Olá Maira, já faz algum tempo que lhe disse que enviaria uma carta para sua nova residência. Pedi seu novo endereço, que agora se encontra em Madri, porém o tempo passou - talvez uns dois ou três anos e acabei não te mandando nada. Porém cumpro agora meu dever com a palavra.
Muito do que quero falar é sobre o tudo e sobre o nada. E você sabe como sou daquelas pessoas que dizem muito, mas não dizem nada. Acho que seria melhor explicar com algo que esteja entre o tudo e o nada. Falo metaforicamente de um caso ao qual ouvi algo estranho, mas talvez não tão estranho quanto o tudo e o nada. É sobre Blue, um pintinho que ainda no ovo foi retirado por M., do seu ninho. Os motivos de M. não são de absoluta forma, estranhos, mas sim dúbios. Queria ele agradar o seu filho, ao qual não conseguia dar a devida atenção por motivos de trabalho ou talvez fosse puro sentimento de culpa que moveu M. em dar aquele ovo ao seu filho? Isso é o que ainda não se sabe, porém M. ficou muito satisfeito com o efeito que Blue teve nos primeiros dias de sua vida na existência de seu filho. Aliás, o nome do pintinho é ainda um mistério, pois não se sabe se foi porquê o ovo chocou-se em uma segunda-feira de céu azul ou se o filho de M. quis praticar o seu inglês que ainda estava em uma fase de afloramento. Porém é certo que foi o filho de M. quem deu o nome à Blue e não M.

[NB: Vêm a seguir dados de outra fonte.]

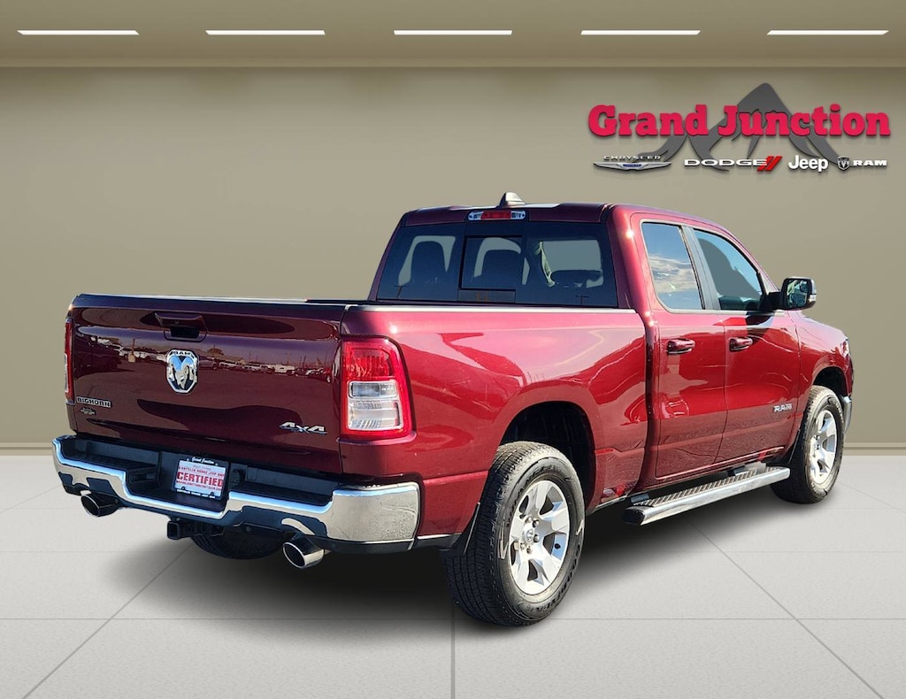 Quick Order Package 28Z Big Horn: Big Horn Badge. Big Horn Level B Equipment Group: Google Android Auto; SiriusXM Radio Service; Bluetooth Handsfree Phone and Audio; USB Host Flip; Rear Window Defroster; Integrated Center Stack Radio; ParkSense Front/rear Park Assist with Stop; Rear View Auto Dim Mirror; Power Adjustable Pedals; For More Info. Call 800-643-2112; Rear Power Sliding Window; Rear Dome with On/off Switch Lamp; Connectivity - US/Canada; Glove Box Lamp; 4G LTE Wi-Fi Hot Spot; 115V Auxiliary Rear Power Outlet; Media Hub with 2 Charge Only USBs; Power 8-Way Driver Seat; Auto Dim Exterior Driver Mirror; Heated Front Seats; Heated Steering Wheel; 8.4 Touchscreen Display; Foam Bottle Insert (door Trim Panel); Class IV Receiver Hitch; Security Alarm; Apple CarPlay; Big Horn Instrument Panel Badge; Black Premium Power Mirrors; Remote Start System; SiriusXM Satellite Radio; Exterior Mirrors with Supplemental Signals; Exterior Mirrors Courtesy Lamps; Air Conditioning ATC with Dual Zone Control; 115V Auxiliary Power Outlet; Cluster 7.0 TFT Color Display; Universal Garage Door Opener; Sun Visors with Illuminated Vanity Mirrors; Power 2-Way Driver Lumbar Adjust. Uconnect 5 Navigation Radio with 8.4 Display. Deluxe Cloth Bucket Seats. ParkSense Front/rear Park Assist with Stop. 115V Auxiliary Power Outlet. Remote Start System. Delmonico Red Pearlcoat. Delmonico Red Pearlcoat. Cluster 7.0 TFT Color Display. **Equipment listed is based on original vehicle build and subject to change. Please confirm the accuracy of the included equipment by calling the dealer prior to purchase.**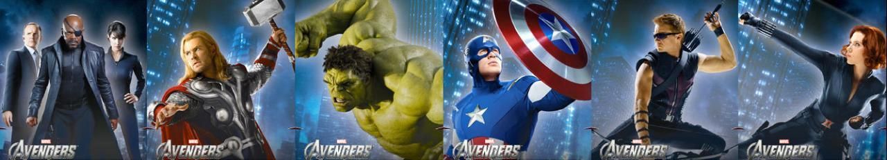 First, you can glance over the high-definition versions of the two new Avengers promo banners by clicking either image, below: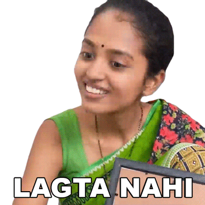Aparna Tandale smiles while holding a sign that reads 'Lagta Nahi' (Doesn't seem like it), expressing doubt or disbelief.

Blue, quando nasceu e abriu os olhos piou para o filho de M., pois M. não estava por perto Blue acreditava que o filho de M. fosse sua mãe, assim como toda ave que sai do ovo acredita que o primeiro ser que o olha e lhe impõe cuidados acredita ser essa a sua cuidadora. O filho de M. cuidava com grande maestria de Blue, dando todo o alimento necessário que a ave precisava nos primeiros dias de sua vida e Blue que chocou e piou se emplumou.
As semanas passaram e Blue começou a perambular pela casa de M., sempre seguindo o que assim achava ser a sua cuidadora.

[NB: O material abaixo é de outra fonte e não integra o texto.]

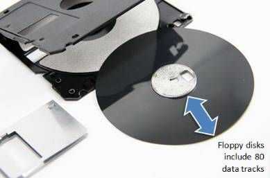 loppy discos están hechos de una pieza delgada de plástico recubierta de un material ferromagnético, que es magnetizado para retener datos. Más específicamente, el disco se divide en 80 pistas de datos dispuestas en círculos concéntricos, como los anillos de un árbol.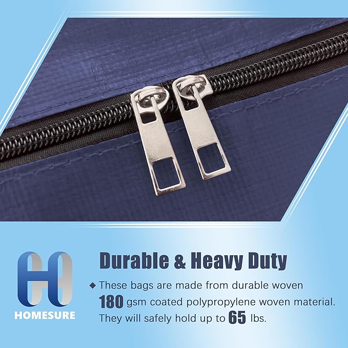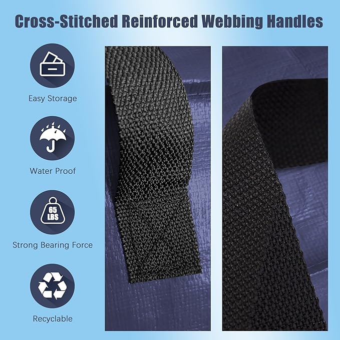 12 Pack Large Strong Moving Bags with Zippers & Carrying Handles - Water-Resistant - Heavy Duty Storage Tote for Space Saving, Fold Flat, Alternative to Moving Box (Blue)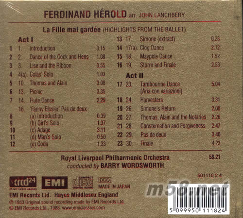 Herold-Lanchbery La fille mal gardee (奶媽/園丁的女兒) XRCD(ABS錄音室XRCD系列)(m58.net) 聞名天下的《奶媽》靚聲到極,稱之為最值得買的CD,大概沒有人抗議吧!奶媽碟受歡迎,并非只因為錄音夠靚,其實還因為它非常[好聽],場面有時輕松,有時熱鬧,有時高潮迭起,旋律動聽而不重復,聽上百遍仍不會厭倦,說不定有很多Hi-Fi友就因為聽過此碟而愛上古典音樂。 《音響世界》十周年特刊推崇為知名度最高的10張示范唱片之一 經典的音樂、精心的演繹、驚人的錄音 ——欣賞法國芭蕾舞劇《園丁的女兒》音樂唱片 法國浪漫派作曲家埃羅爾德 (Herold),對大家來說也許十分陌生,然而他創作的芭蕾舞劇《園丁的女兒》(La Fille Mal Gardee)音樂,卻是非常著名、讓人喜愛的,特別是在音響界影響頗廣,幾乎無人不知。埃羅爾德先生出生于1791年,就學于巴黎音樂學院,1812年獲“羅馬獎”,1819年第一部歌劇演出于那不勒斯, 1816年起在巴黎創作歌劇和芭蕾舞劇音樂以終其年。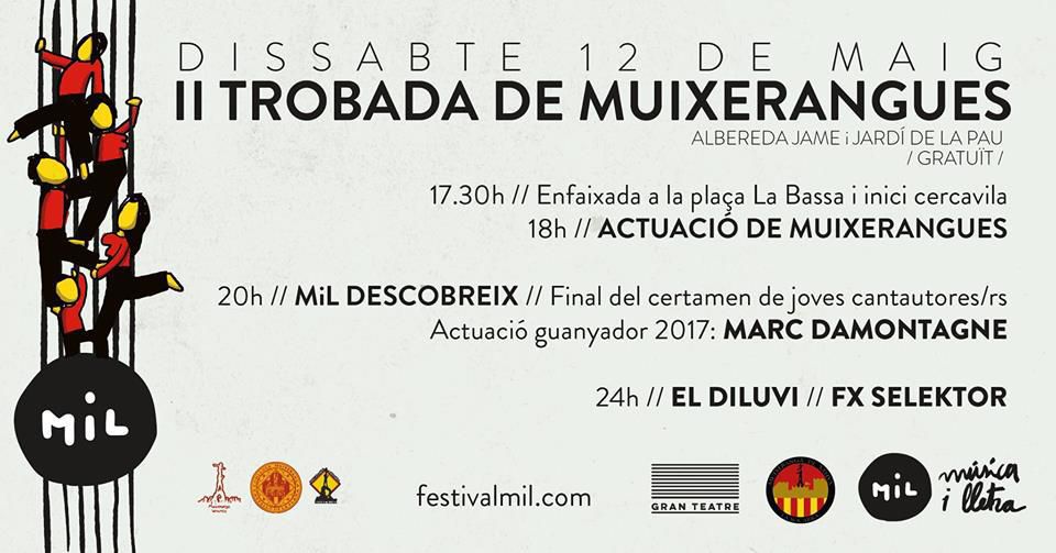El Diluvi, un grup de rock amb ànima d’autor, tocarà al concert gratuït de la festa de presentació del MiL d’enguany que a més s'ha co-organitzat amb la Muixeranga de Xàtiva per coincidir amb la II Trobada de Muixerangues, perquè la cançó d'autor, la festa i la tradició van de la mà. Entre enfaixades i figures, al Jardí de la Pau també sonaran els finalistes d’enguany del MiL Descobreix -el certamen de joves cantautores i cantautors- una secció del festival que l'organització va estrenar amb molt d'èxit a l’edició anterior. Músics de tot l'estat, entre 14 i 35 anys, han enviat les seves propostes artístiques i l'organització repartirà 2.700 euros en metàl·lic en premis per a autors no editats. El guanyador de l'any passat, el borriolenc Marc Damontagne, clourà l’entrega de premis. Els assistents -com l’any passat- podran tornar a votar en directe els finalistes del MiL Descobreix i atorgar el premi del públic. El Diluvi i el punxa discos xativí Fx Selecktor tancaran la primera gran nit del MiL 2018 i de la II Trobada de Muixerangues.
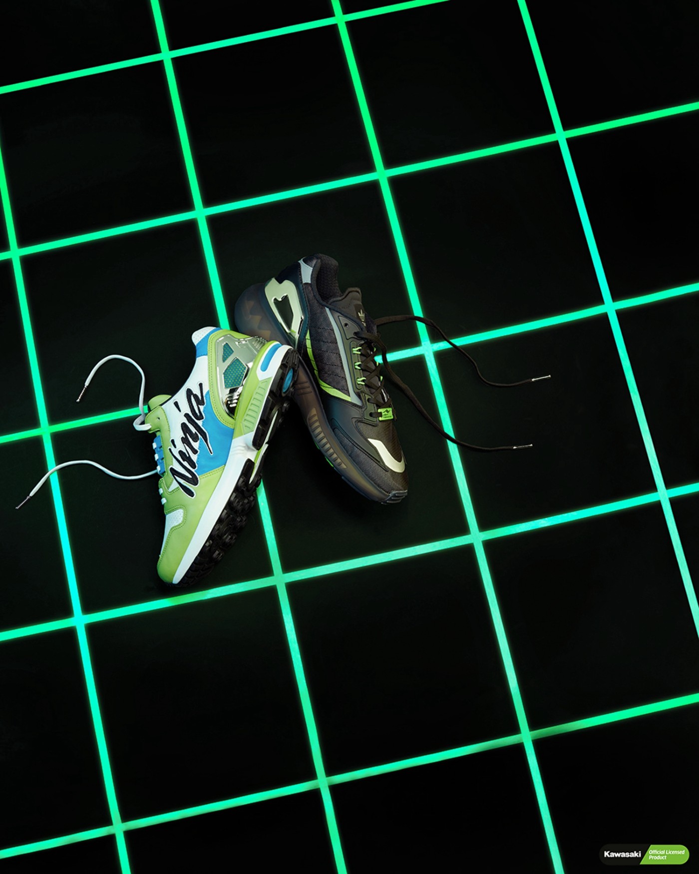 此次联名以 Kawasaki 知名摩托车系列 Ninja 为创作灵感,推出一双 ZX 5K Boost 以及一双 ZX 8000。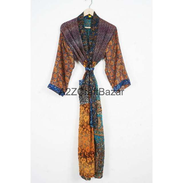 ชุดกิโมโนผ้าไหมลายดอกวินเทจสำหรับผู้หญิง คอวี มีเชือกผูกเอว สไตล์ลำลอง ฮิปปี้ ซารี โบฮีเมียน ชุดนอน ชุดชายหาด แห้งเร็ว ชุดคอมโบสำหรับฤดูร้อน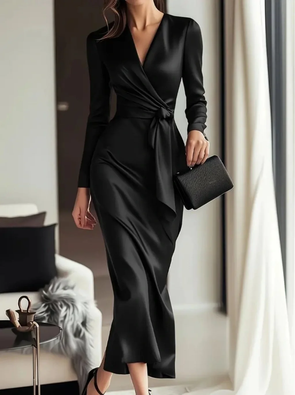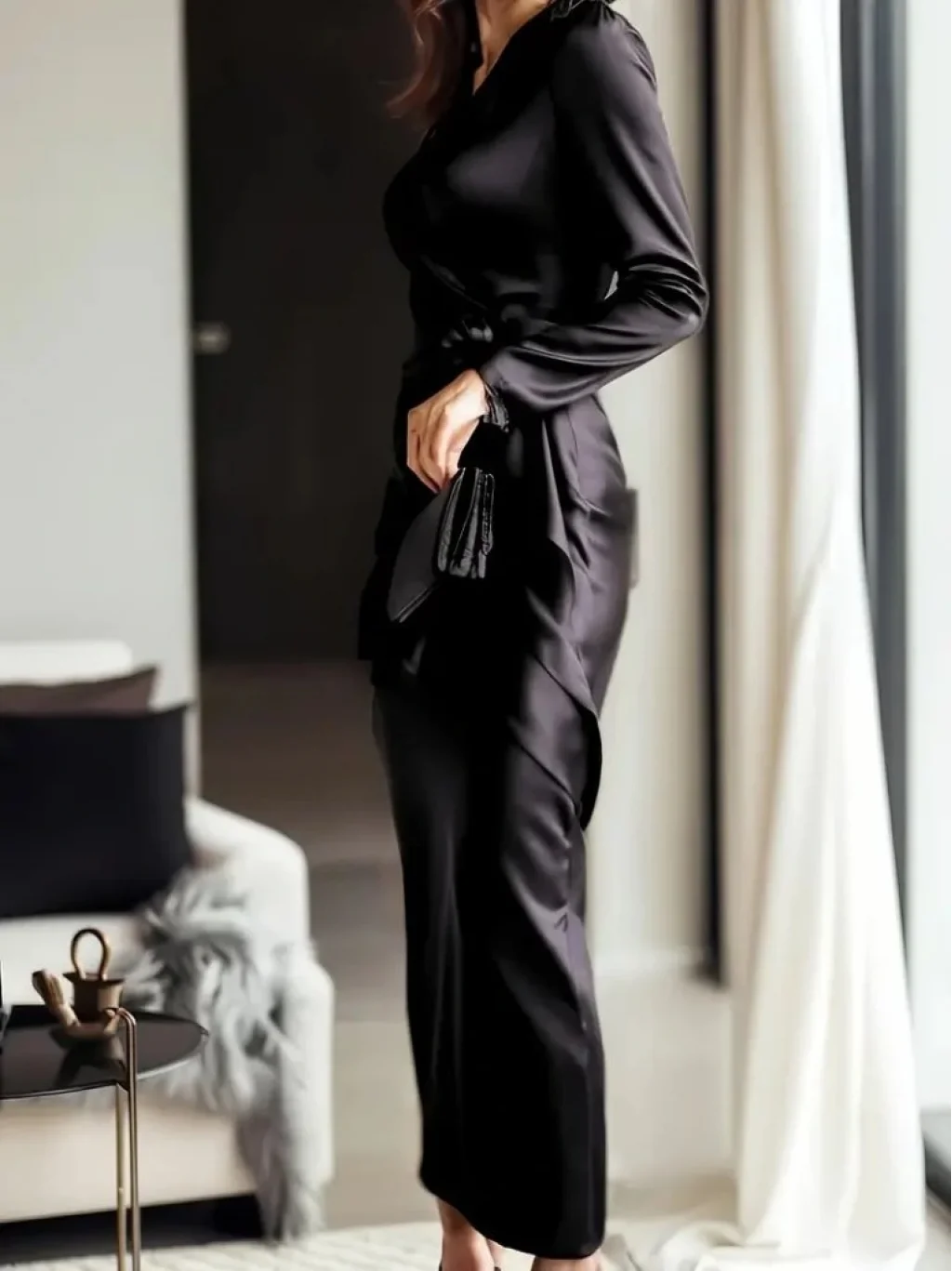 Kadın Uzun Kollu Kruvaze Yakalı Beli Kuşaklı Uzun Saten Elbise

Guilherme, um gato gordo que existia na casa e que não seguia o filho de M., começou a se interessar por Blue. Talvez fosse um início de amizade ou quem sabe o despertar de algum instinto selvagem, bem se sabe foi que ele começou a seguir Blue, primeiro com olhos atentos e depois para cada lugar que ele ia, mas nunca se atrevendo a chegar perto o bastante quando o filho de M. estivesse ao lado.
Houve um dia, porém em que o filho de M. se distraiu e fechou a porta sem que Blue tivesse passado e Guilherme apesar de ser considerado um gato gordo, facilmente se apoderou de Blue e lhe deu uma dentada na cabeça, o que fez com que a vida do jovem Blue se desvanecesse.
O filho de M. quando deu pela falta de Blue começou a procurá-lo pelos cantos da casa e não demorou muito para encontrar aquele animal peludo que ao olhá-lo soltou um miado que esboçava satisfação por estar digerindo Blue. O filho de M. ficou apavorado ao ver as penas amarelas de Blue soltas pela sala.
O fim de Blue trouxe toda uma tristeza para o filho de M. e M. assim que percebeu que seu filho não corria pela casa com o seu pintinho tratou de se questionar o porquê dele não ter mais gostado daquele presente que a principio lhe dera tanto prazer. M. não sabia que Guilherme havia comido

Blue, muito menos seu filho havia contado tal tragédia, por isso suas conclusões não passavam perto da realidade, eram meras conjunturas. Pensava ele que talvez Blue tivesse crescido e abandonado seu filho ou o inverso.

Esse foi o triste fim de Blue, não só ter morrido e ter deixado uma vida de piados pela frente, mas por não ter despertado a consciência daquele que o trouxe até sua casa, pois esse se quer ouviu o seu piar.